Cinquième critique : l’impunité fournie par l’euro. En abaissant la contrainte imposée aux gouvernements par les marchés financiers, le passage à l’euro permettrait à des gouvernants ineptes de maintenir des politiques intenables sans en supporter le coût, sous forme de hausse des taux d’intérêt ou de dévaluation de la devise nationale. Ceci est fort possible : mais il est plausible de voir là une bonne nouvelle. Après tout, ce n’est pas demain la veille que la France sera gouvernée par des gens compétents en matière économique : qu’elle dispose d’un filet de sécurité (et d’une politique monétaire indépendante du pouvoir politique) lui évitant de devenir tout de suite l’Argentine n’est pas une mauvaise nouvelle.

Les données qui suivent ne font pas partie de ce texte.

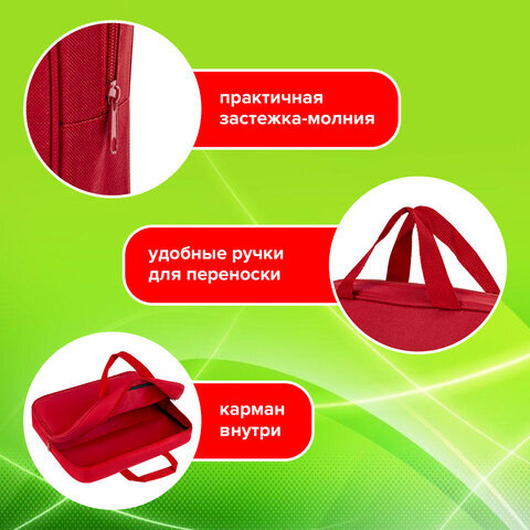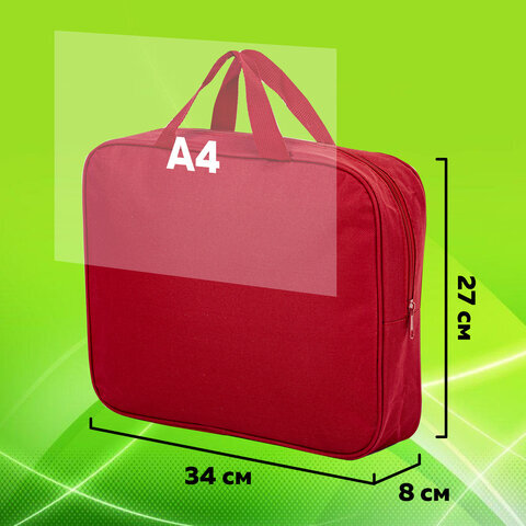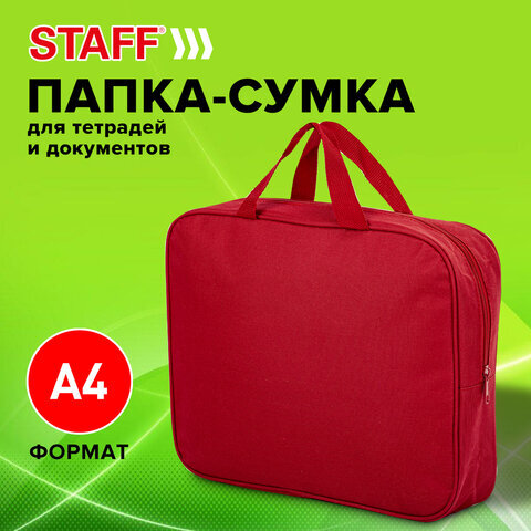 Папка на молнии с ручками STAFF EVERYDAY А4, 1 отделение, полиэстер, 80 мм, красная, 270739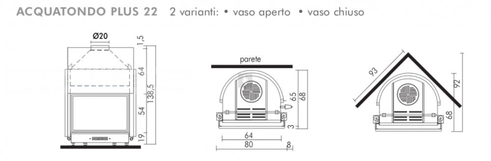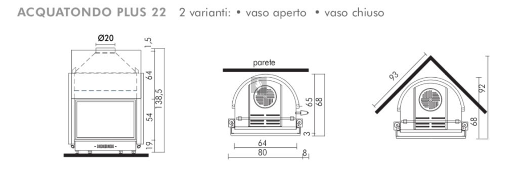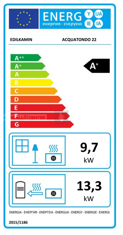 Nagy falvastagságú acéllemezből készült vízteres tűztérbetét. Az Edilkamin fatüzelésű, központi fűtésre köthető, vízteres kandallói - teljesítményük függvényében - képesek az épület fűtési és használati melegvíz rendszerét ellátni. A síküveges tolóajtóval felszerelt, gravírozott, teljes, nagy panorámás üvegfelületű Acquatondo Plus 22 bármilyen stílusú kandallóburkolatba kiválóan adaptálható, legyen szó síkfali vagy sarokbeépítésről. Opcionálisan lehetőséget kínál zárt fűtési rendszerbe történő bekötésre beépített csőkígyóval (hűtőkörrel) és termikus biztonsági elfolyószeleppel ellátott változat esetén.

L’ensemble de ces critiques, au bout du compte, ne sont valides que si l’on prête à l’euro des vertus qu’il n’avait aucune raison d’avoir (et qui ne sont souvent pas des vertus d’ailleurs). Si l’on veut mesurer son succès, mieux vaut s’intéresser à l’objectif réel d’une banque centrale. Et il faut noter que sur ce plan, le passage à l’euro est un succès parce qu’il a permis de créer une institution indépendante, doté d’un objectif simple – la lutte contre l’inflation – et qui se contente de cet objectif. La politique monétaire de la BCE a connu des inflexions (on se réjouira de l’abandon progressif de M3 comme principal prédicteur des évolutions de prix par exemple) mais dans l’ensemble, la BCE a poursuivi son objectif, et s’est montrée remarquablement résiliente (même gouvernée par un Trichet, sa politique reste satisfaisante).
Comme l’ont rappelé A. Alesina et R. Perotti dans un récent article, le principal défaut européen en matière économique est l’inaction jointe à une logorrhée creuse (ah, l’Europe comme économie sociale de marché compétitive soucieuse de la préservation de l’environnement), et le mélange des pouvoirs et des responsabilités conduisant à la paralysie. Il y a une institution européenne qui est épargnée de ces défauts, c’est la BCE. Cette institution est indépendante, son pouvoir et ses limites sont clairement définis; son objectif est simple et clairement affiché; elle s’abstient d’inflexions importantes de politique. Dans tous ces aspects, la BCE constitue une remarquable réussite européenne, qui devrait servir de source d’inspiration pour la constitution de nouvelles institutions. Et c’est là que se situe le véritable succès de la monnaie unique, bien plus que dans les fantaisies de journalistes en mal de copie.